- _What needs to be done_:
Using the data below, output a verbatim copy of the lines between the one holding "svietidlo zavesiť kamkoľvek." and the one holding "Satin Mahogany Adjustable", inclusive, without any pictures.

(Stored data entries)
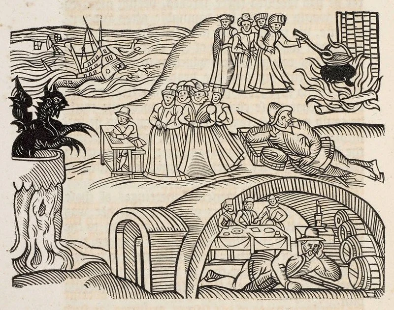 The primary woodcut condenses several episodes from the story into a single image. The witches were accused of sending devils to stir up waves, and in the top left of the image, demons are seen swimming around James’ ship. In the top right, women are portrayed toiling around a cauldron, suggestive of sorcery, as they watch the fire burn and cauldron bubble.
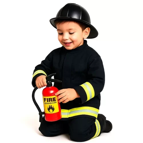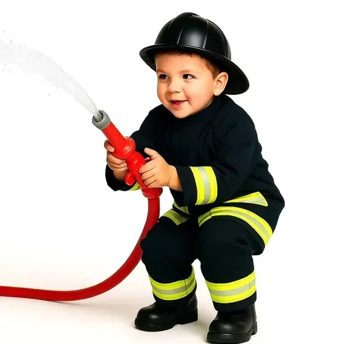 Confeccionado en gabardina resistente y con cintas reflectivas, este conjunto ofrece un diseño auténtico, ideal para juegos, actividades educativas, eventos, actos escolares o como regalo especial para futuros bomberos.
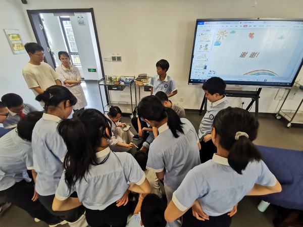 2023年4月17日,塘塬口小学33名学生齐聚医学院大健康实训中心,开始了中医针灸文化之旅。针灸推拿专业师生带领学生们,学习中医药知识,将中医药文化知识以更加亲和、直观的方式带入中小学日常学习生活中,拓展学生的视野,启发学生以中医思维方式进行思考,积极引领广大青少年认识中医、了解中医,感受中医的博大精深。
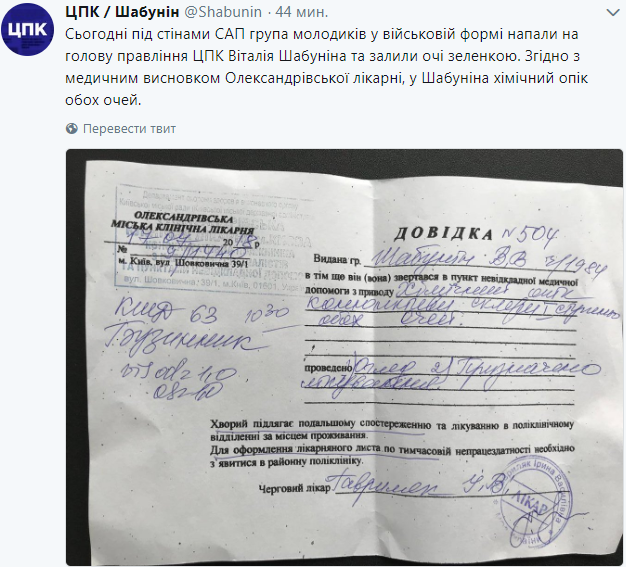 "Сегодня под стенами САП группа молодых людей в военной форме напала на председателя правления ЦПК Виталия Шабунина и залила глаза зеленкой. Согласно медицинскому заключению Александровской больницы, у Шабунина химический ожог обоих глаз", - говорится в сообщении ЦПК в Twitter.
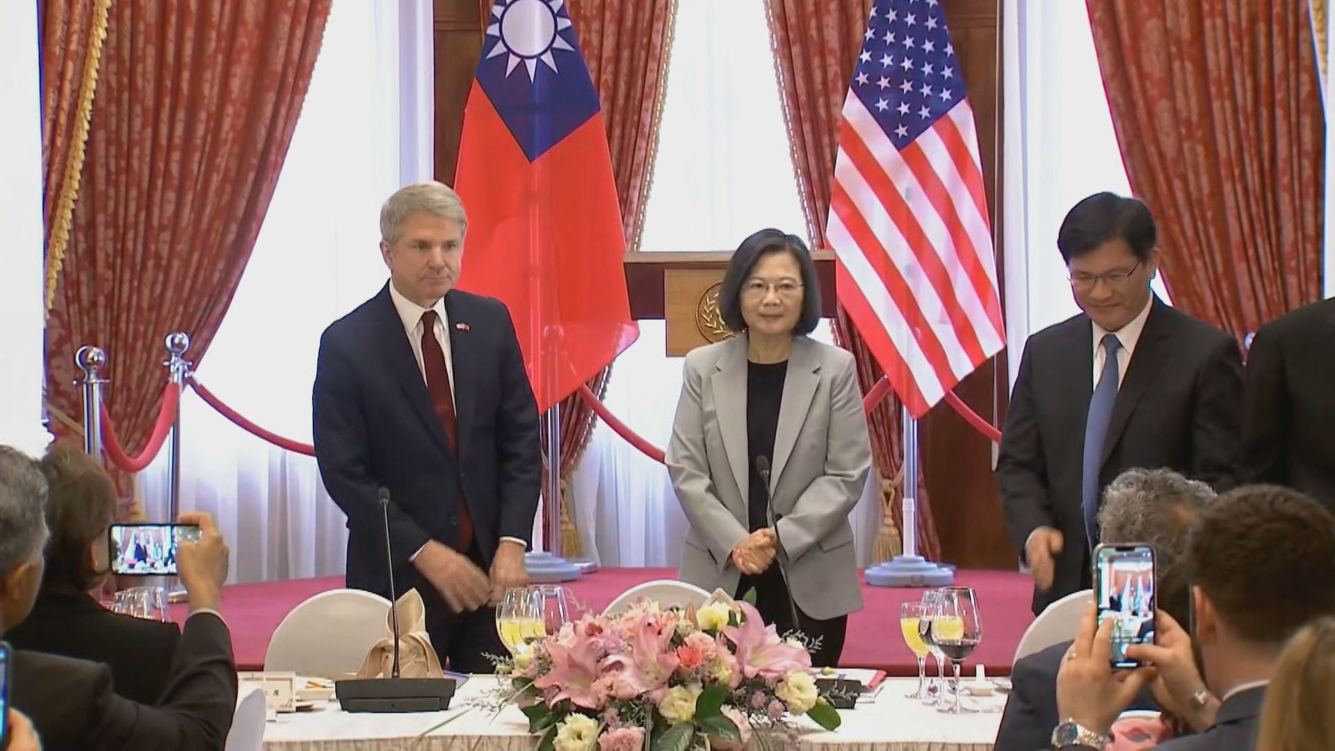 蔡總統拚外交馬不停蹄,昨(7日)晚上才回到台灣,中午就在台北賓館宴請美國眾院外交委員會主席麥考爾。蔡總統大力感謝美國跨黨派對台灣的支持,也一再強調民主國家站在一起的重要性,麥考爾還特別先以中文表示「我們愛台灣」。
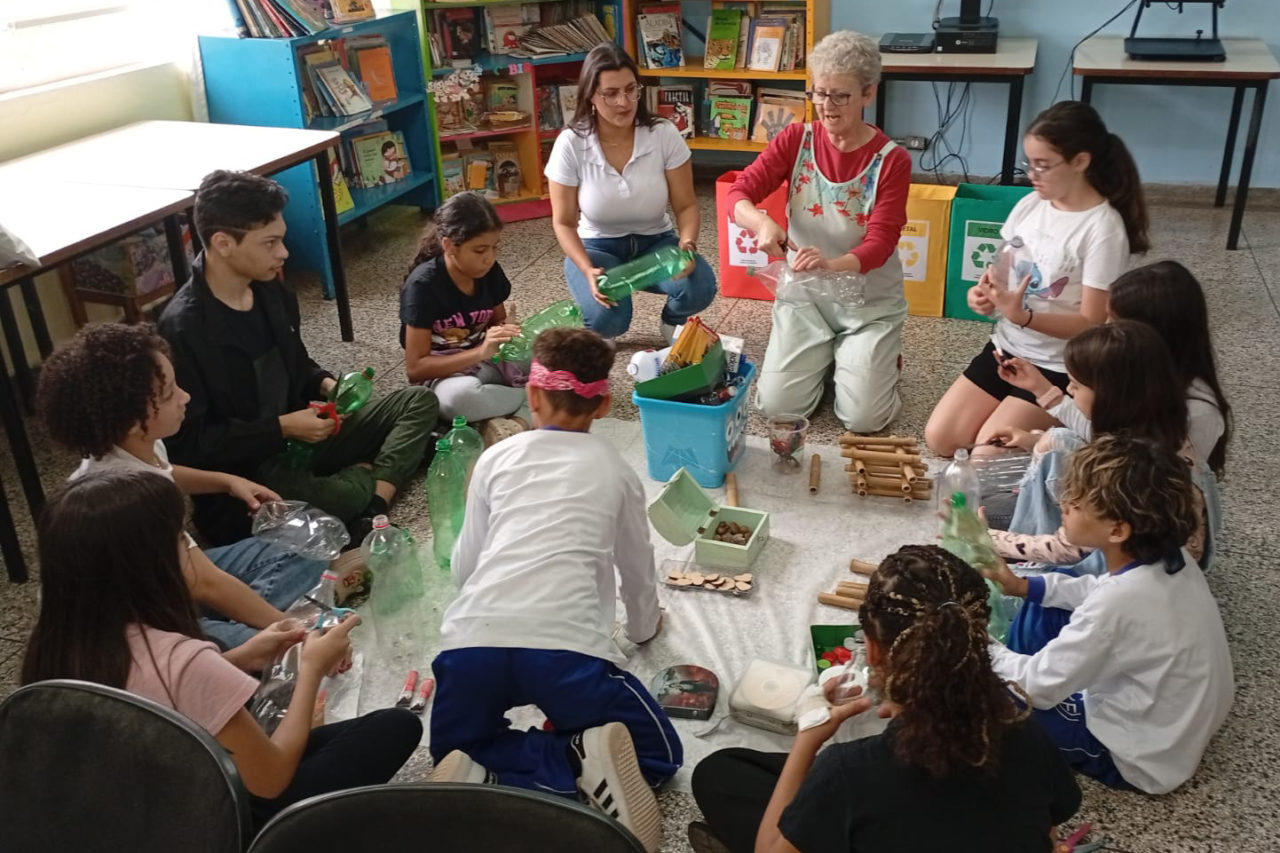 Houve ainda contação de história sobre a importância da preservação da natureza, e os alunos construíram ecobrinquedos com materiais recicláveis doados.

* * *

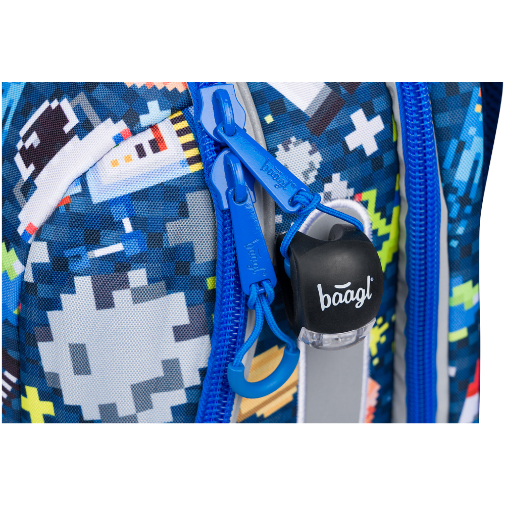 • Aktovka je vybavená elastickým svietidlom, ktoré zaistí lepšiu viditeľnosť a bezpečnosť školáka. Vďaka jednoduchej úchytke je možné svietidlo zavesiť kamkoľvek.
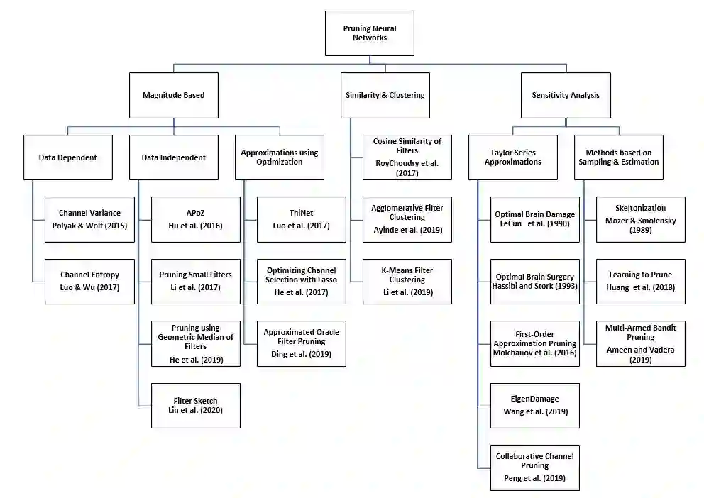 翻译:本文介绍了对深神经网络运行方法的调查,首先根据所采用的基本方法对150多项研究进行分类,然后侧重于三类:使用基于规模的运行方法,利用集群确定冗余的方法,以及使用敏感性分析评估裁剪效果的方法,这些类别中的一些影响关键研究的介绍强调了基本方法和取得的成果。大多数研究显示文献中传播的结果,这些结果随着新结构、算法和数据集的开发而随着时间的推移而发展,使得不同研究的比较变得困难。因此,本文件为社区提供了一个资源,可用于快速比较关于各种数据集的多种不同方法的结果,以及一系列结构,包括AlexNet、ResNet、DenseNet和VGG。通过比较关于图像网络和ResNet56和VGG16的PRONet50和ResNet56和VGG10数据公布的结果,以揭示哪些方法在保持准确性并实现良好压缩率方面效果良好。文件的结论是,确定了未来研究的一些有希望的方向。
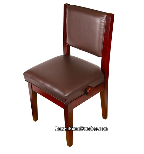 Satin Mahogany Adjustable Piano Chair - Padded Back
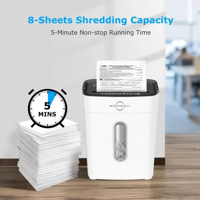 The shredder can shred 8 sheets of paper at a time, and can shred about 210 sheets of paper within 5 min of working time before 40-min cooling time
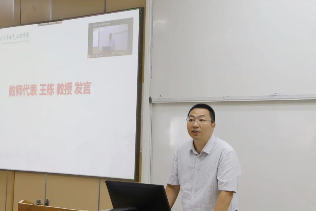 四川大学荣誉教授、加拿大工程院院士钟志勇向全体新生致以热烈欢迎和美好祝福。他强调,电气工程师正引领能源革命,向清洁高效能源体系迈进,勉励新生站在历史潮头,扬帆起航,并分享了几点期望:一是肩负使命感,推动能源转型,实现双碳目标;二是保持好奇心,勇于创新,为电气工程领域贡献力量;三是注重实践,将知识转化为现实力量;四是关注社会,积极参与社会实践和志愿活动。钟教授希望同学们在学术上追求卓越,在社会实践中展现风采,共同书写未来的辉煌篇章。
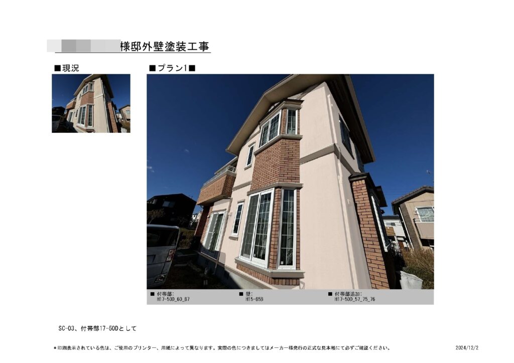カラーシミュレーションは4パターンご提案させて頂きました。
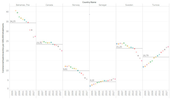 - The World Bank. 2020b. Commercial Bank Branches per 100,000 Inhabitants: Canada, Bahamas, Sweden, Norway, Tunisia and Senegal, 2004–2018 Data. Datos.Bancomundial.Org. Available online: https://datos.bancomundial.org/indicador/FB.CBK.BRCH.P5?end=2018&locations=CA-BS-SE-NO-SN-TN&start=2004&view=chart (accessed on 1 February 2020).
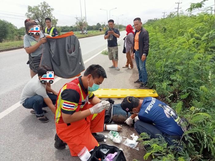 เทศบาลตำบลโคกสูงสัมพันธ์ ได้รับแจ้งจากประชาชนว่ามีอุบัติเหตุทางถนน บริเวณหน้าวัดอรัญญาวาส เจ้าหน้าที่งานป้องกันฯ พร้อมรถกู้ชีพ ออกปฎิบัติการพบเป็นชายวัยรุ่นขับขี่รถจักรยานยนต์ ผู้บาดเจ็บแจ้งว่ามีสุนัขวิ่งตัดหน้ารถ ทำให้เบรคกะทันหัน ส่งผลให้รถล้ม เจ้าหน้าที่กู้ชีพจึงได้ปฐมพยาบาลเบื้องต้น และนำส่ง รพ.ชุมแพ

- _Solution for this task_:
 • Aktovka je vybavená elastickým svietidlom, ktoré zaistí lepšiu viditeľnosť a bezpečnosť školáka. Vďaka jednoduchej úchytke je možné svietidlo zavesiť kamkoľvek.
 翻译:本文介绍了对深神经网络运行方法的调查,首先根据所采用的基本方法对150多项研究进行分类,然后侧重于三类:使用基于规模的运行方法,利用集群确定冗余的方法,以及使用敏感性分析评估裁剪效果的方法,这些类别中的一些影响关键研究的介绍强调了基本方法和取得的成果。大多数研究显示文献中传播的结果,这些结果随着新结构、算法和数据集的开发而随着时间的推移而发展,使得不同研究的比较变得困难。因此,本文件为社区提供了一个资源,可用于快速比较关于各种数据集的多种不同方法的结果,以及一系列结构,包括AlexNet、ResNet、DenseNet和VGG。通过比较关于图像网络和ResNet56和VGG16的PRONet50和ResNet56和VGG10数据公布的结果,以揭示哪些方法在保持准确性并实现良好压缩率方面效果良好。文件的结论是,确定了未来研究的一些有希望的方向。
 Satin Mahogany Adjustable Piano Chair - Padded Back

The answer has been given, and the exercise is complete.